What could better demonstrate our diametric vehicular future than sound clips of the Volkswagen ID 3 and the Koenigsegg Jesko? Battery-electric vehicles don't make enough noise on their own, so VW partnered with composer Leslie Mandoki for the legally-mandated Acoustic Vehicle Alerting System (AVAS) that warns pedestrians and cyclists of the EV's presence. Mandoki — a German-Hungarian who once played drums in a Euro disco band called Dschinghis Khan — was asked to come up with a sound for the ID 3 that VW said "defines its identity," "radiates safety and the promise of effortless mobility," and that "must also impress with its unique character." The definition of the ID 3's single-motor, 201-horsepower character is this:
Occupants and people around the hatch can hear the sound as the car accelerates to 18.6 mph, and when reversing. At higher speeds, the sound of wind resistance and tire noise takes over.

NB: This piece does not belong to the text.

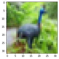 # airplane, automobile, bird ,cat , deer, dog, # frod, horse, ship, truck 10개로 분류 from tensorflow.keras.datasets import cifar10 from tensorflow.keras.optimizers import SGD, Adam, RMSprop from tensorflow.keras.utils import to_categorical (X_train, y_train) , (X_test, y_test) = cifar10.load_data() print("X_train shape : ", X_train.shape) print(X_train.shape[0], 'Train samples') print(X_test.shape[0], 'Test samples') nb_classes = 10 y_train = to_categorical(y_train, nb_classes) y_test = to_categorical(y_test, nb_classes) X_train = X_train.astype('float32') X_test = X_test.astype('float32') X_train /= 255 X_test /= 255 plt.imshow(X_train[5]) plt.grid(False) plt.show() plt.imshow(X_train[6]) plt.grid(False) plt.show()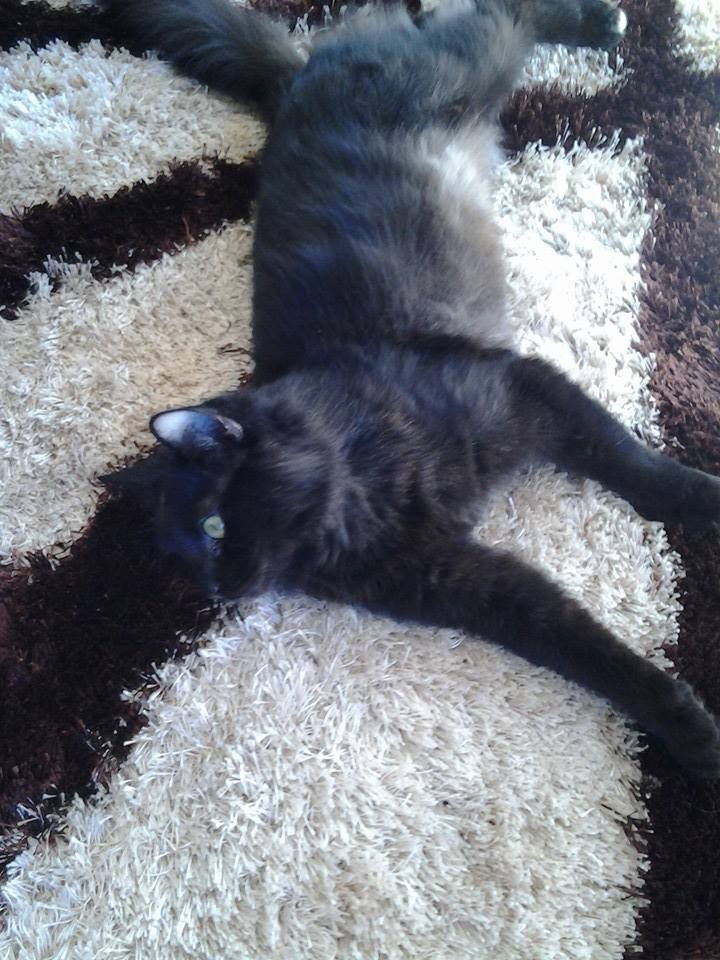Bella is a very sweet sook who likes being an indoor cat but also likes to explore. She is very striking! At first you think she is a black cat but then you see amazing greys, silvers and even ginger splashes on her. She is by far a glamour puss!

As our library of AVAS tones grows, it's clear that EVs will provide a soundscape as varied as that of internal combustion engines. Here, for instance, is the industrial thrum used as the Karma Revero GT's pedestrian warning:
At the other end of the aural chamber, we have the Koenigsegg Jesko. In this case, the composer is a 5.0-liter twin-turbo V8 running on a bio-ethanol E85 blend that's almost suitable for IndyCar, powering the engine up to 1,600 horsepower. Output on pump gas will be 'only' 1,281 hp. The Swedish automaker released a clip of the exhaust note of a car in progress inside the Angelhom factory. Here's what we can look forward to:
All these sounds have a place at the table, even if we'd prefer Karma booked some time with a producer and an Autotune session. To paraphrase Sesame Street, though, one of these sounds is definitely not like the other.